UK firms see responsible AI as key competitive edge
Most UK business leaders expect responsible approaches to artificial intelligence to become a strategic advantage within the next two years, according to new research from Experian.
The study, published in a report titled "Responsible AI - Moving from principles to practice", surveyed 500 senior decision-makers in large organisations across the UK and Ireland that already use or oversee AI systems.
Experian found that 87% of respondents believe responsible AI practices will become a key differentiator within the next two to three years. The findings suggest that governance, transparency and accountability are moving from ethical considerations into areas of commercial competition and brand positioning.
AI impact and trust
The research indicates that AI is already influencing business performance. Some 89% of business leaders reported a positive impact from AI on organisational performance.
Trust in AI systems now appears central to future adoption. Experian's data shows that 84% of respondents say their customers increasingly want to know how AI is governed and who is accountable. Executives face rising scrutiny from users, regulators and internal stakeholders over how automated decisions are made and monitored.
Christine Foster, General Manager for AI and Automation at Experian UK&I, said businesses are moving from experimentation towards embedding AI at scale.
"AI is already delivering real value for businesses and customers. The focus now is on ensuring it drives meaningful outcomes in a responsible way. That means putting the right foundations in place including high-quality data as well as clear accountability, and tools that support AI adoption across its lifecycle. As AI evolves, especially with autonomous systems on the rise, getting this right will be critical to building trust, enabling better business decisions, and staying competitive," said Foster.
Implementation gaps
Despite broad agreement on the importance of responsible AI, most leaders say they struggle with execution. Some 76% of respondents view putting responsible AI into practice as one of their biggest challenges.
Common barriers include limited technical expertise, which 32% cited. A further 31% highlighted difficulty in applying high-level principles to real-world use cases.
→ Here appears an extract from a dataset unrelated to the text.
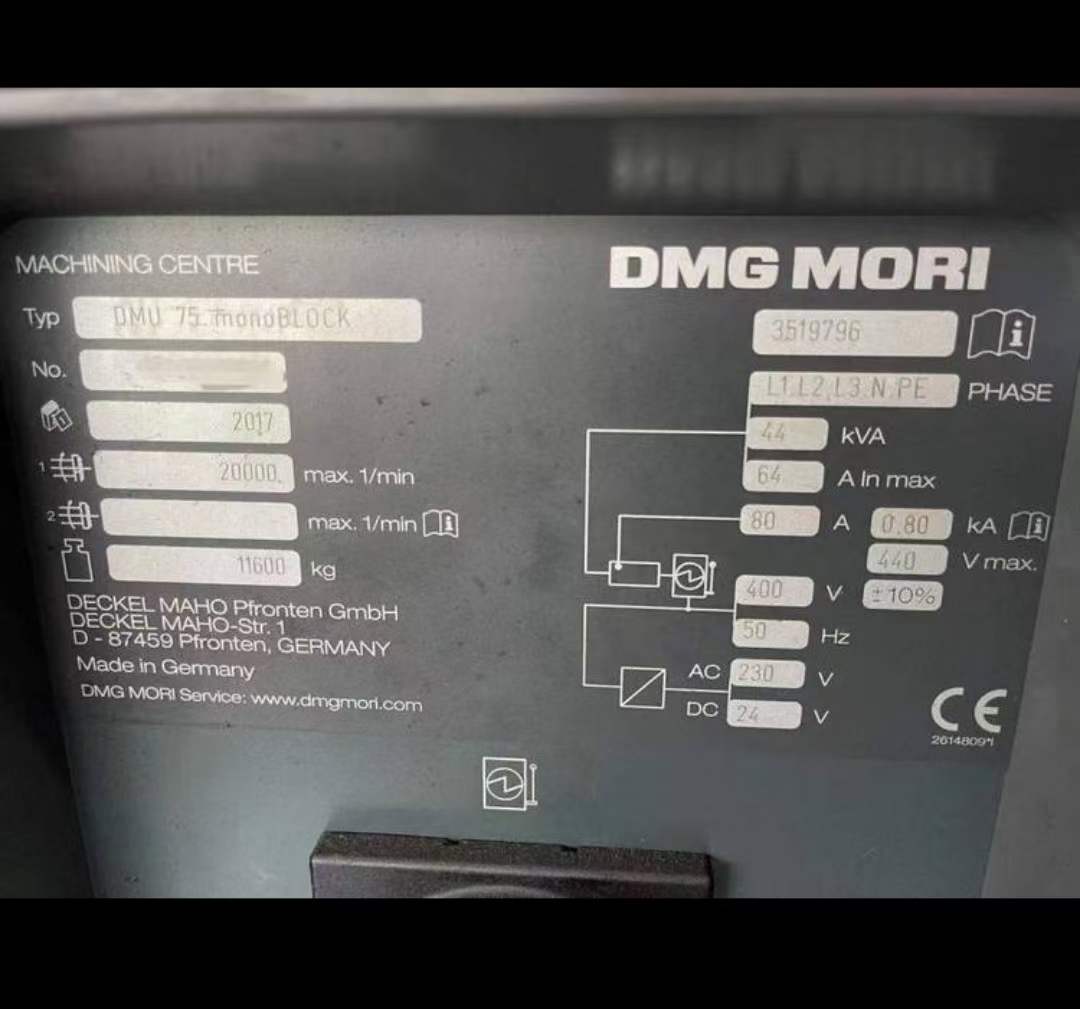 刚订下:一台全新少用德马吉DMU75五轴联动加工中心型号:DMU75monoBLOCK,2017年安装少用 750mmx650mmx560mm

Another 30% pointed to the challenge of balancing innovation and speed with effective governance frameworks.
The figures indicate that many organisations are moving ahead with AI deployments while still working through how to operationalise risk controls and oversight. That tension is particularly acute in sectors such as telecoms, where AI is already embedded in network optimisation, customer service automation and predictive maintenance.
Data quality concerns
The study underlines concerns about the underlying data that feeds AI systems. While 90% of leaders agree that high-quality data is essential for responsible AI, only 43% feel confident that their data is strong enough to support such practices.
This gap suggests that many companies recognise data integrity as a critical factor in fair and reliable AI, yet have not fully addressed issues such as data completeness, accuracy, bias and ongoing maintenance.
Skills shortages compound the problem. Just 48% of respondents believe their teams are well prepared to drive responsible AI forward. Leaders identified the need for stronger data governance, more hands-on training, and closer collaboration between technical, legal, compliance and business functions.
Practical frameworks
Experian has set out guidance in the report for organisations working on responsible AI. The recommendations include regular assessment of AI model performance across their lifecycle. The company also highlights the need to apply security best practice to every AI use case.
These guidelines draw on principles created by Experian's AI and data science specialists. The organisation says these principles have influenced how its internal teams approach training, innovation and deployment of AI systems under a responsible framework.
Industry groups are also emphasising the need for operational frameworks. Sue Daley, Director of Technology and Innovation at techUK, said there is a shift from pilots to broad-based AI adoption.
"As AI continues to transition from pilots to widespread adoption, its critical organisations establish and operationalise clear frameworks for accountability, transparency, and fairness. This report is a vital contribution to the ongoing conversation about achieving Responsible AI. As this research shows, there's still work ahead to ensure organisations have in place the technical foundations and human capabilities to deploy AI responsibly. The seven principles offer an actionable roadmap, providing practical guidance that can support leaders in the building and deployment of AI systems while maintaining customer trust," said Daley.
Experian's findings suggest that UK organisations will allocate more effort and resources to responsible AI over the next few years as they react to customer expectations, regulatory focus and competitive pressure.